Why peace is not an issue

Six months ago, some of Israel's strongest proponents of peace said they didn't think Labor Party leader Ehud Barak had the right stuff to beat hawkish Prime Minister Benjamin Netanyahu.

Now, less than a week before the elections, something seems to be going right in Mr. Barak's campaign, as a survey commissioned by Yediot Ahronot newspaper shows him edging ahead of Mr. Netanyahu by about 8 percent in a one-on-one race.

Doubts over Barak's personal magnetism - in comparison with Netanyahu's telegenic and polished campaign style - led to the formation of the new Center Party, which said its group of prominent moderates was better poised to oust Netanyahu. But with support for their leader, Yitzhak Mordechai, quickly dwindling in the polls, there are rumblings that the party will pull Mr. Mordechai out of the race for prime minister and run only as a slate for Knesset, Israel's parliament.

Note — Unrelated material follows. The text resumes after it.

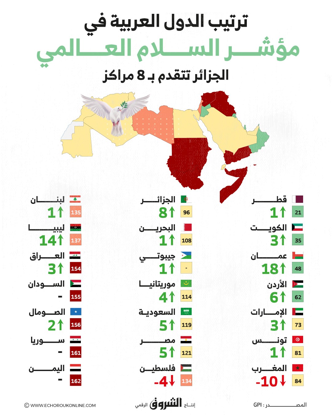 الجزائر تتقدم بـ 08 مراكز في مؤشر السلام العالمي (GPI) عام 2023..

Barak's lurch ahead in the polls so close to the May 17 ballot is a significant shift from past elections, in which it was usually the right-wing Likud Party that gained more support closer to election day. In the 1996 election, for example, the lead enjoyed by then-Prime Minister Shimon Peres disappeared in the weeks before the election as undecided "floating voters" moved into Netanyahu's camp. "It is the first time in many years that there has been a shift in the Labor side of the equation at this late stage in the campaign," says Hanoch Smith, a veteran Israeli pollster. "Most of the people who are leaving Mordechai are going over to support Barak."

In his campaign rhetoric, Netanyahu has been painting Barak as an ultraliberal who will give in to all Palestinian demands, especially their claim to East Jerusalem as their capital. Barak, taking cues from James Carville, who ran the 1992 Clinton-Gore campaign, has been attacking the Netanyahu camp for the economic slump that has unfolded under its watch. But there has been little if any real debate on the raison d'tre of the election: how and whether to continue trading land for peace with the Palestinians, and to consider negotiations with other neighbors such as Lebanon and Syria.

Many say that's because the concept of the peace process itself is no longer in question, as the majority of Israelis have come to accept the need for some kind of peace deal with the Palestinians. What's left is a more personal battle over integrity, character, and leadership ability.

"The question is, who's going to be the best manager for the company called the State of Israel," says Efraim Inbar, a professor of political science at Bar-Illan University near Tel Aviv. "Ideology is over."